* Requirement *
Begin at the line that holds "2、互动答题功能,设置航天知" and retype every line through the end of the material, both included. Leave out the pictures.

* Data segment *
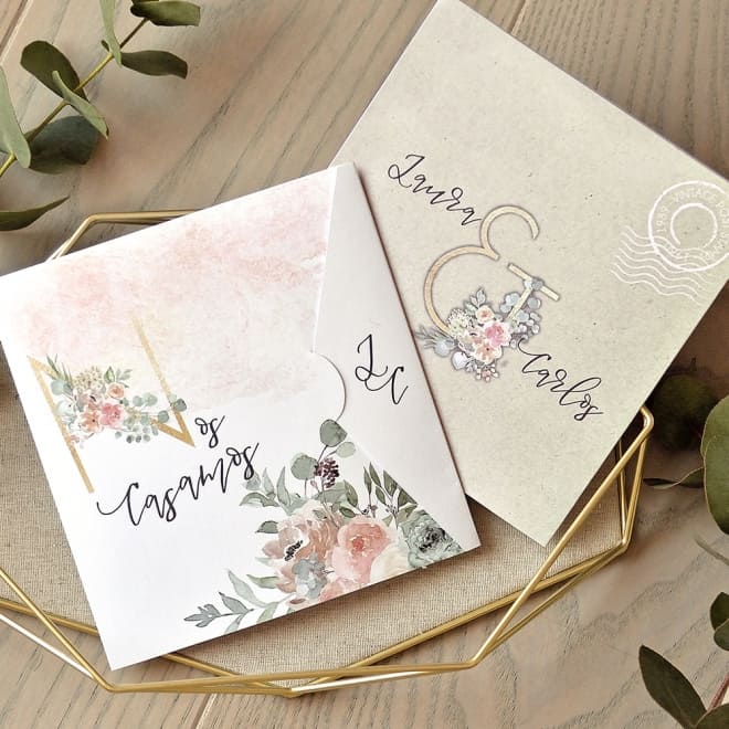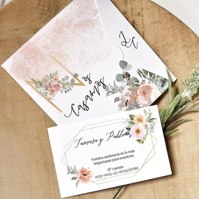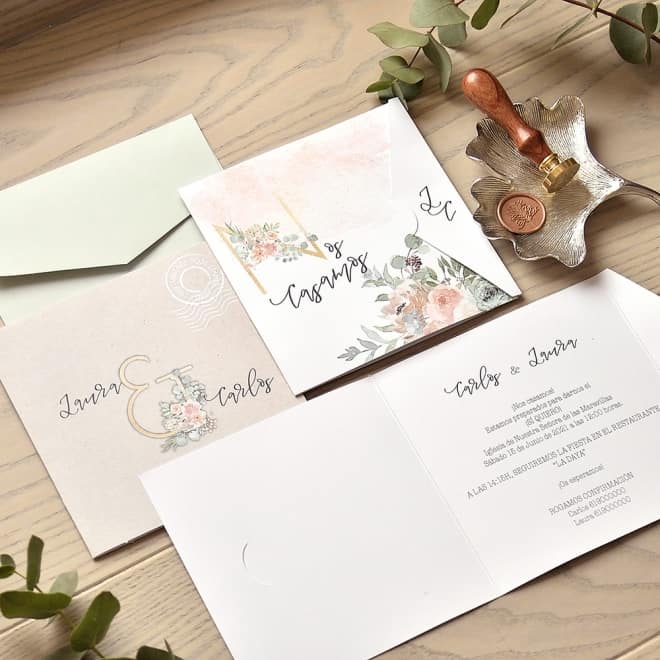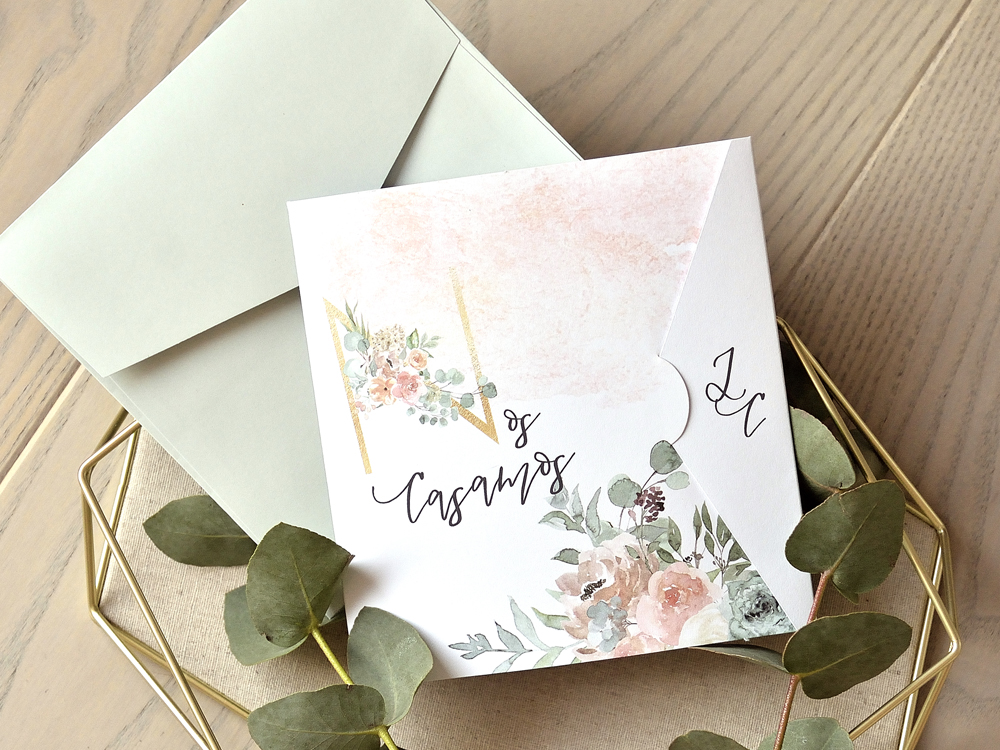 INVITACIóN DE BODA con acabados en color dorado para darle un toque de sofisticación. Si habéis pensado en una invitación distinta y original, esta es la vuestra!. Con estampados florales y cálidos, en la parte de la solapa se imprimirán vuestras inciales, en el interior el texto de vuestra boda y en la parte de detrás, vuestros nombres. Tiene tarjeta de confirmación a juego (no incluída en el precio de la invitación). Tamaño del sobre "B" (no incluído en el precio de la invitación y disponible en varios colores: Greenery, Dusty Blush, Kraft y Mint) Mirar la pestaña "Tarjetas & Menú y clicar la opción de sobres para ver la disponibilidad de tamaños y colores a elegir.
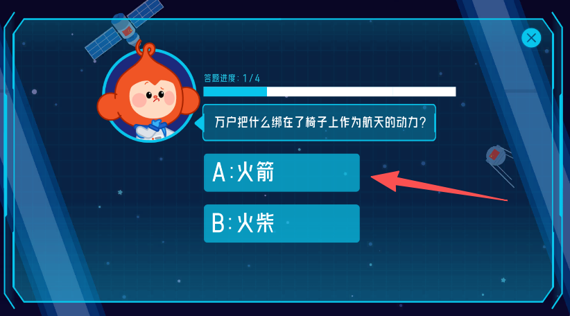 2、互动答题功能,设置航天知识答题环节,如万户航天动力问题,以互动形式强化知识记忆。
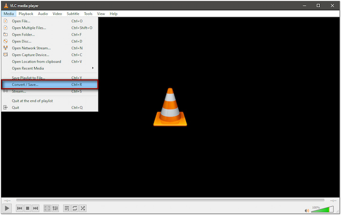 Aşama 1.Blu-ray diskinizi alın ve bağlı harici Blu-ray sürücüsüne yerleştirin. VLC Media Player'ı açın, sol üst bölüme geçin ve Media'ya tıklayın. Dönüştür/Kaydet Açık Medya iletişim penceresini açma seçeneği.

* Completed exercise *
 2、互动答题功能,设置航天知识答题环节,如万户航天动力问题,以互动形式强化知识记忆。
 Aşama 1.Blu-ray diskinizi alın ve bağlı harici Blu-ray sürücüsüne yerleştirin. VLC Media Player'ı açın, sol üst bölüme geçin ve Media'ya tıklayın. Dönüştür/Kaydet Açık Medya iletişim penceresini açma seçeneği.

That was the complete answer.